- Spot Taker CVD shows sellers remain in control, signaling ongoing profit-taking and a temporary resistance against sustained buyer dominance.
- Pending XRP spot ETF applications, including Franklin Templeton and XRPR, have driven market activity and high initial trading volumes recently.
- Technical resistance at $3, $3.2, and $3.66 will test market momentum, while ETF approval could trigger institutional demand and higher liquidity.
XRP spot ETF decision approaches, sparking attention from traders and investors as buyers and sellers weigh the market balance. Recent Spot Taker CVD data reflects ongoing seller dominance amid pending regulatory updates.
XRP Spot Market Trends
The Spot Taker CVD (90-day) measures cumulative differences between market buys and sells. In late 2024, buyers initially dominated, pushing short-term momentum higher. However, sellers regained control shortly after, keeping selling pressure persistent for months.
During summer 2025, buyers temporarily strengthened their position, signaling possible reversal potential. Despite this, renewed selling dominance has appeared, reflecting ongoing profit-taking. Traders note that strong buyer volume is necessary to shift control.

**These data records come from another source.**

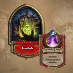 - Il maestro dei miasmi, Loatheb, è il boss finale dell’Ala della Pestilenza. Una volta sconfitto, Loatheb vi garantirà due copie della carta Sputafango.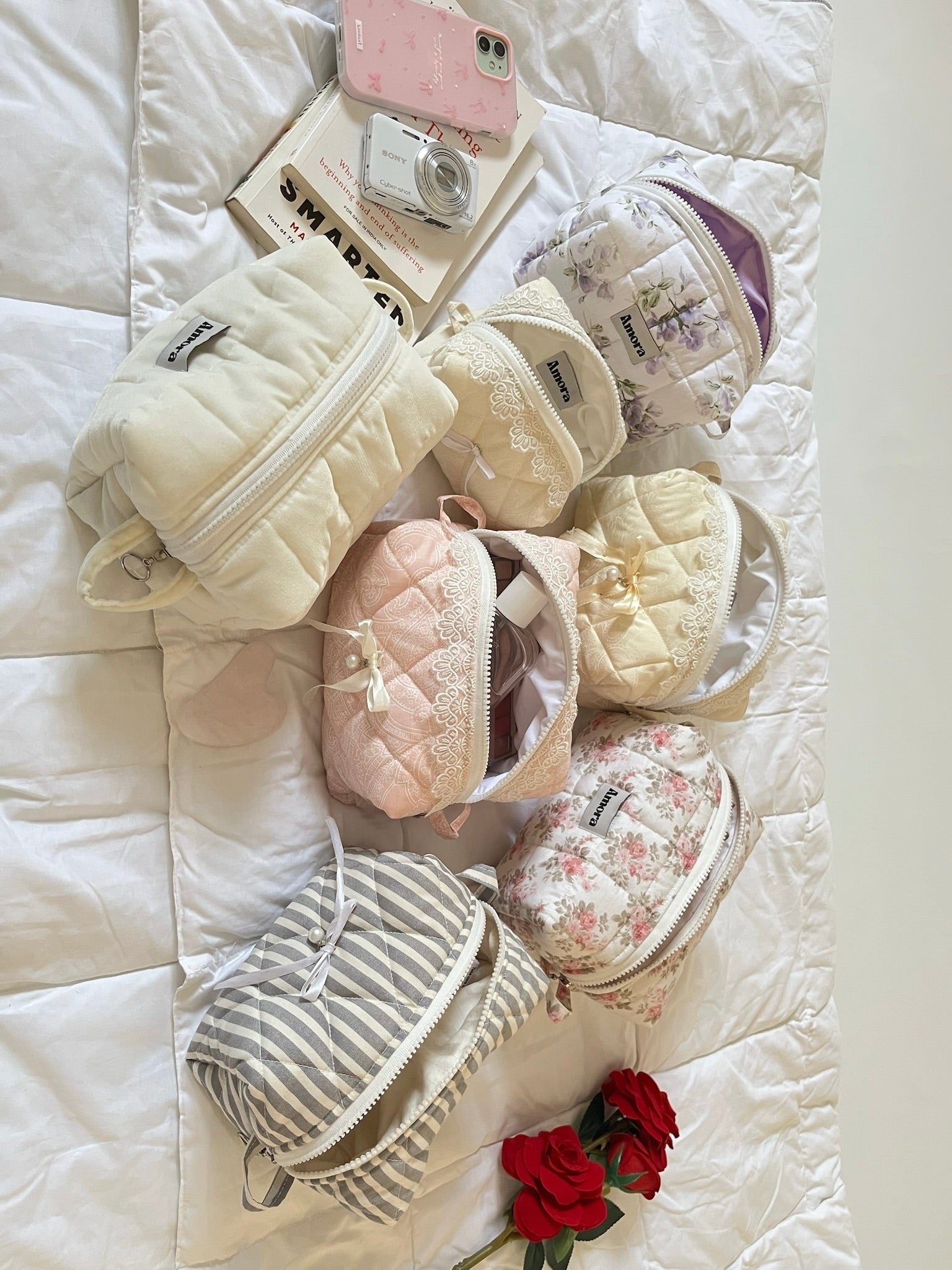 Cotton’s breathable fibers help reduce trapped moisture and odors—especially useful for brushes, skincare, and travel storage. The quilted structure adds soft protection without extra weight.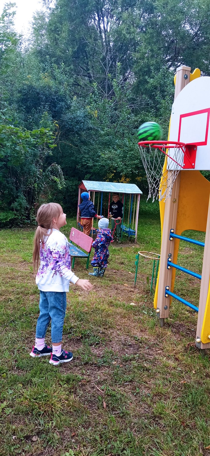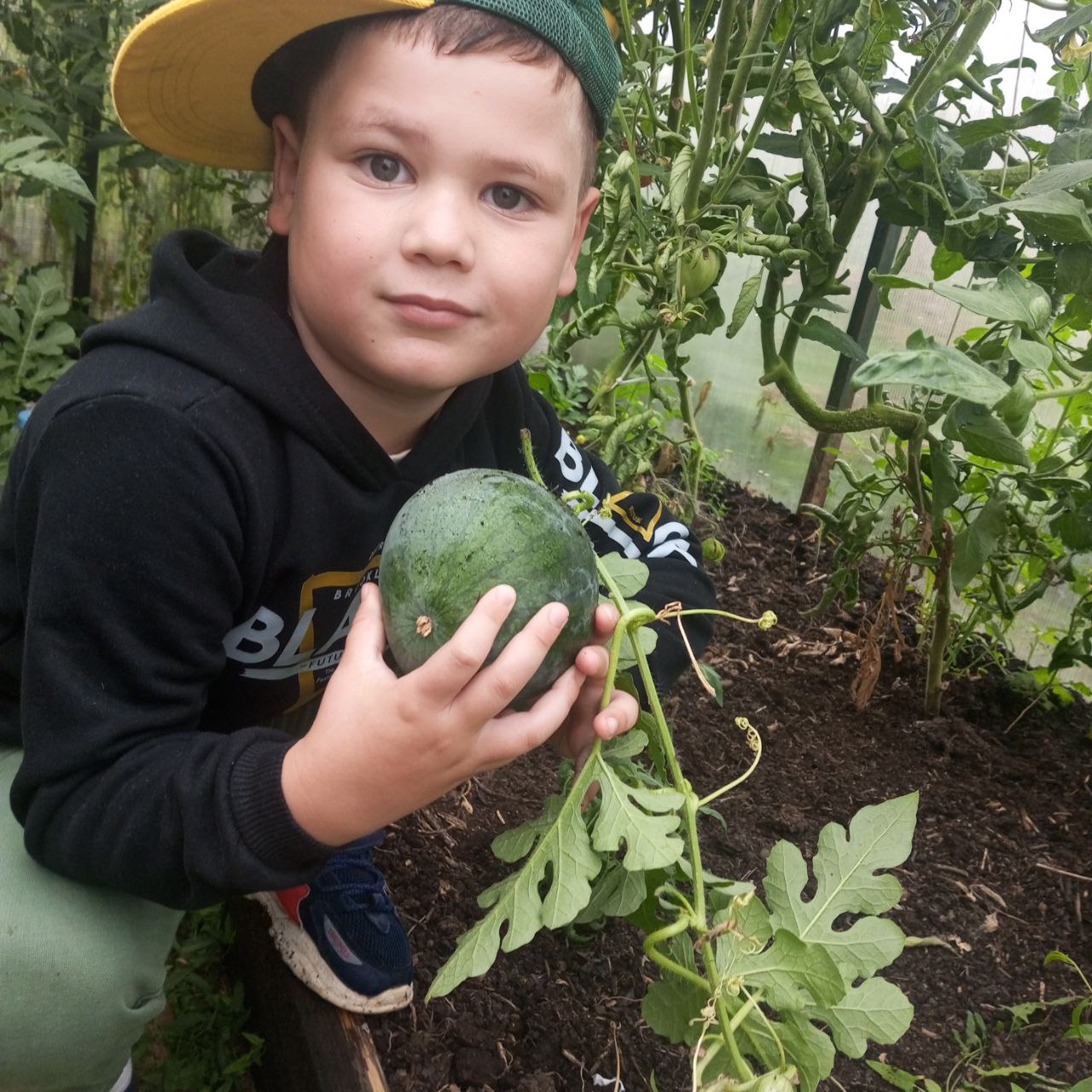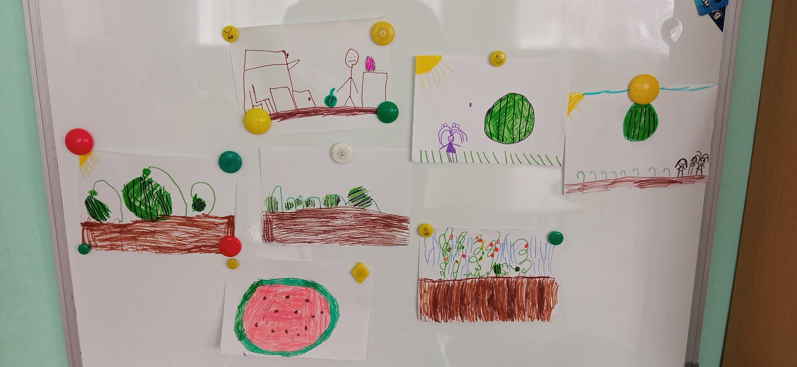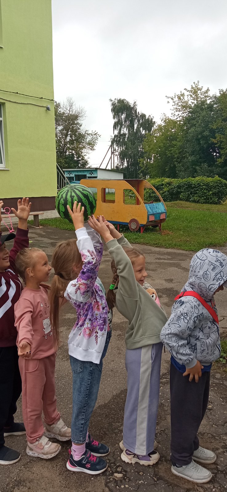 Мы играли в подвижные игры с мячиком в виде арбуза, рисовали арбузы на выставку, собирали разрезные картинки, а родители поделились фотографиями с урожаем арбузов на своих грядках.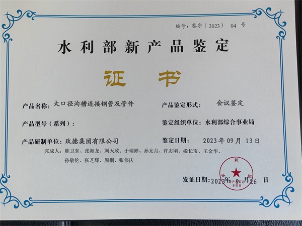 11.9月13日,18新利体育入口自主研製的“大口徑溝槽鋼管及管件”,通過水利部及行業(ye) 專(zhuan) 家鑒定,產(chan) 品加工技術及能力達到國際領先水平,產(chan) 品達到國際先進水平,開創了大口徑埋地鋼管溝槽連接的先河。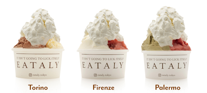 ジェラートで巡るイタリア〈左〉コッペッタ・トリノ ¥1,100〈中〉コッペッタ・フィレンツェ ¥1,000〈右〉コッペッタ・パレルモ ¥1,100 【提供店舗】イータリー銀座店「GRAN CAFFÈ VERGNANO 1882」、丸の内店・日本橋店・原宿店「CAFE&COUNTER」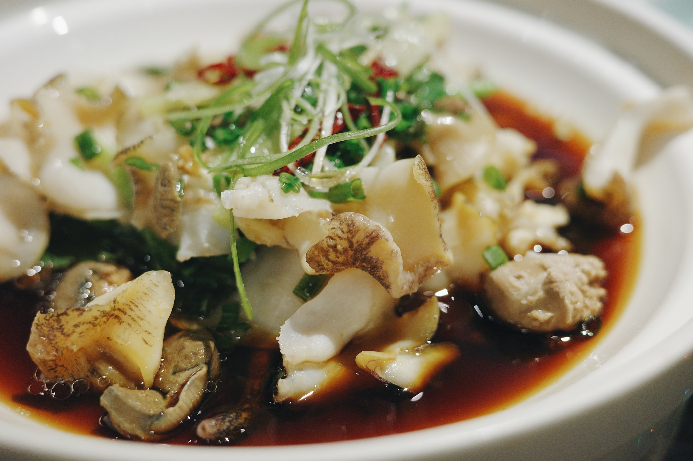 南通食材南通菜。栟茶蛏汤清蒸带鱼猫眼螺和八爪鱼都不错。小黄鱼全场最佳,鲜嫩的鱼肉蘸些酱汁,吃完抹抹嘴巴,意犹未尽。韭菜黄鱼炒饭做得蓬松十足,再kuai一勺海参豆腐盖在炒饭上,浓烈裹挟温润,熨帖至极。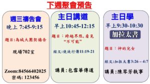 主內平安!  觀塘堂本周日主日崇拜的安排如下: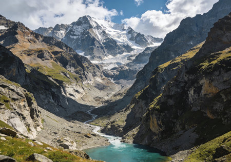 An AI generated illustration of majestic mountains revealing the majestic calm crisp beauty of nature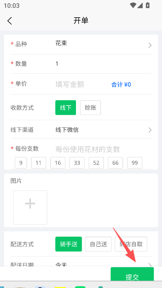 1、进入开单页面,填写品种、数量、单价等信息,选择收款和配送方式,点击提交。

The CVD remains a practical tool for monitoring XRP’s short-term buy-sell balance. Currently, sellers maintain control, with buyers yet to assert decisive influence in the spot market.
XRP Spot ETF Filings and Market Activity
Several XRP spot ETF applications remain under review by the SEC. Franklin Templeton extended its filing to November 14, 2025, delaying regulatory clarity. Meanwhile, REX/Osprey launched XRPR, which recorded roughly $37.7 million in first-day trading volume.
Market participants suggest that new SEC regulations could accelerate approvals for crypto ETFs. Such expectations often result in pre-announcement rallies, followed by profit-taking. Some of this ETF optimism may already be factored into XRP’s current price.
Analysts watch trading volume closely as a signal for potential institutional demand. A notable increase could indicate readiness for further market participation through regulated products, affecting price movements and sentiment.
Potential Price Scenarios
If an XRP spot ETF receives approval, institutional demand may rise through regulated channels. This could increase liquidity, support spot purchases, and shift the CVD toward buyer dominance.
Key technical resistance levels exist at $3, $3.2, and $3.66. Success in breaching these points could attract further market interest and trading momentum. Conversely, rejection or delay could trigger profit-taking, lowering prices toward $2.2–$1.8.
The chart currently shows sellers in control, making immediate bullish movement uncertain. Holding above $3 is crucial, as a break below may result in a decline toward $2.4. Market participants continue monitoring volume and ETF developments closely.